─── EXERCISE DATA

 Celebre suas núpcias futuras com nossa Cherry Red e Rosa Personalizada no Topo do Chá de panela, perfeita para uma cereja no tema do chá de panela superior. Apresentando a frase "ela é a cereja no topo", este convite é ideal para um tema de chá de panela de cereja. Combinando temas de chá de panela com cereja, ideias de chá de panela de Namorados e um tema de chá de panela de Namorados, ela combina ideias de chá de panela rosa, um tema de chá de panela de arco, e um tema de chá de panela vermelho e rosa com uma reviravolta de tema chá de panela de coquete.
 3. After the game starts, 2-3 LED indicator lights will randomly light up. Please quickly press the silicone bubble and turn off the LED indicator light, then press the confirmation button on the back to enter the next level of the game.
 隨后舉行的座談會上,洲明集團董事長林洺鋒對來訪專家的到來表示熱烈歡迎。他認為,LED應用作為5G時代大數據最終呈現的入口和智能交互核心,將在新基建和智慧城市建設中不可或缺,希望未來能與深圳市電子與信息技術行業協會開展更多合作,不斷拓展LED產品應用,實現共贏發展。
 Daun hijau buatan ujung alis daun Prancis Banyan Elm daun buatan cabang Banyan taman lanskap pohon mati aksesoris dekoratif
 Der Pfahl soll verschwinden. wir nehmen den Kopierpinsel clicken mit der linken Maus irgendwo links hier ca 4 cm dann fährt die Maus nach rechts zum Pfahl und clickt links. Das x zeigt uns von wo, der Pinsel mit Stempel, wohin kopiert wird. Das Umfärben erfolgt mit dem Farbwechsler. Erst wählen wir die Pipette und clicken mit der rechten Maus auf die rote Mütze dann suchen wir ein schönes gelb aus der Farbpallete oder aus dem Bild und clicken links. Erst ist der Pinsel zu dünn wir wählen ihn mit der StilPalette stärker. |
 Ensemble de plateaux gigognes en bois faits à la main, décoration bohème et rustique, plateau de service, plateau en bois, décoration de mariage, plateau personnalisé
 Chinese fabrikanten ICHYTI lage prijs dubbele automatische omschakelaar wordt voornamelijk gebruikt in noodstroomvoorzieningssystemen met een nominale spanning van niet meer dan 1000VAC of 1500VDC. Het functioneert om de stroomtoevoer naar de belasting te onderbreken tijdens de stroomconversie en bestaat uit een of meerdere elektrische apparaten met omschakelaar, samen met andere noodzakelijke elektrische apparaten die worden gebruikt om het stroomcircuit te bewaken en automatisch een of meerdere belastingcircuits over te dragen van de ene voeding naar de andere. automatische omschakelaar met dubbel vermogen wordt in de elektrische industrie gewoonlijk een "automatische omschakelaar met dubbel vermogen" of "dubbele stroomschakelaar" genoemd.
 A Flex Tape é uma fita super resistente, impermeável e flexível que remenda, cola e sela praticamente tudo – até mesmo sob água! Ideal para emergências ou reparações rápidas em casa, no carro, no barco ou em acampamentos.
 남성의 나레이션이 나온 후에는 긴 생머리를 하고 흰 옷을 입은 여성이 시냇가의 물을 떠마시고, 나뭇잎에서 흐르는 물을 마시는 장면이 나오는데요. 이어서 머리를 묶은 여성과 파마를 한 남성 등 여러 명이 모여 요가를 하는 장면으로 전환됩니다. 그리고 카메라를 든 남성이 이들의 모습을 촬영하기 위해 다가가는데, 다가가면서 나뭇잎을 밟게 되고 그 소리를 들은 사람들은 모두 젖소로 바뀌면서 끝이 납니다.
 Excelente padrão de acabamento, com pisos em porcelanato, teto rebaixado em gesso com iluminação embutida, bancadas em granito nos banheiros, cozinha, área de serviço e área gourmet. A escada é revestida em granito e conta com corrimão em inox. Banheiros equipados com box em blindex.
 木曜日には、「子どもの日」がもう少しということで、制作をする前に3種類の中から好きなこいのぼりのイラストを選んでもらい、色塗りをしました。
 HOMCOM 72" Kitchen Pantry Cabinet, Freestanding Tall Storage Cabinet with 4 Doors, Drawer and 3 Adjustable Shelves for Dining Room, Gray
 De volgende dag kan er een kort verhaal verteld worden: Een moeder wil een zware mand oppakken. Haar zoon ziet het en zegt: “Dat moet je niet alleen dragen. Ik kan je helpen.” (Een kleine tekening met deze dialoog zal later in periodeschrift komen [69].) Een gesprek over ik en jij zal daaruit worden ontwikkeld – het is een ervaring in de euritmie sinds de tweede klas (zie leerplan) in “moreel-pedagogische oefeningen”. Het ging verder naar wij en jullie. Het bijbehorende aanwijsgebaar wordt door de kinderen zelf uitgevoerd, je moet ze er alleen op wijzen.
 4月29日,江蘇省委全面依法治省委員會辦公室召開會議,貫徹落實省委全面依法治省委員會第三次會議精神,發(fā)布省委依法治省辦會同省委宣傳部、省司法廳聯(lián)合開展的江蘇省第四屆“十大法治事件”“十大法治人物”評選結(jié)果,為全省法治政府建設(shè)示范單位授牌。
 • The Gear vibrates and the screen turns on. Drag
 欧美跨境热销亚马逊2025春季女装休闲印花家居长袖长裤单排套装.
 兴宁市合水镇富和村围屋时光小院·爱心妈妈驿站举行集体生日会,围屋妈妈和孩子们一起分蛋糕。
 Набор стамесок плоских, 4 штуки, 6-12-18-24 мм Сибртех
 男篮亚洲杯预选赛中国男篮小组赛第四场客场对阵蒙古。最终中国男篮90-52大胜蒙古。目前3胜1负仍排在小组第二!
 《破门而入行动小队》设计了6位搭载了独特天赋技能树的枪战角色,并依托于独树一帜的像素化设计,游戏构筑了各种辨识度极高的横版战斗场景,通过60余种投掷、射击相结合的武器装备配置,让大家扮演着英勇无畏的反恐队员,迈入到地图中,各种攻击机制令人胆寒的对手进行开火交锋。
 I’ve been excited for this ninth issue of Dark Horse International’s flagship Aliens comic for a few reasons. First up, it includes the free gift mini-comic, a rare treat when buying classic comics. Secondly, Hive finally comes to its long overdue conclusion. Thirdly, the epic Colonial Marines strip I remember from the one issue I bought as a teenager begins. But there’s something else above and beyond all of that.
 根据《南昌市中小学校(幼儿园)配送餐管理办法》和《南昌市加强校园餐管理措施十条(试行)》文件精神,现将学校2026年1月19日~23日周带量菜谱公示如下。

──────

- WHAT TO PRODUCE: Copy the lines above exactly. Start with the line containing "Excelente padrão de", end with the line containing "木曜日には、「子どもの日」が", and include both.

- YOUR SOLUTION:
 Excelente padrão de acabamento, com pisos em porcelanato, teto rebaixado em gesso com iluminação embutida, bancadas em granito nos banheiros, cozinha, área de serviço e área gourmet. A escada é revestida em granito e conta com corrimão em inox. Banheiros equipados com box em blindex.
 木曜日には、「子どもの日」がもう少しということで、制作をする前に3種類の中から好きなこいのぼりのイラストを選んでもらい、色塗りをしました。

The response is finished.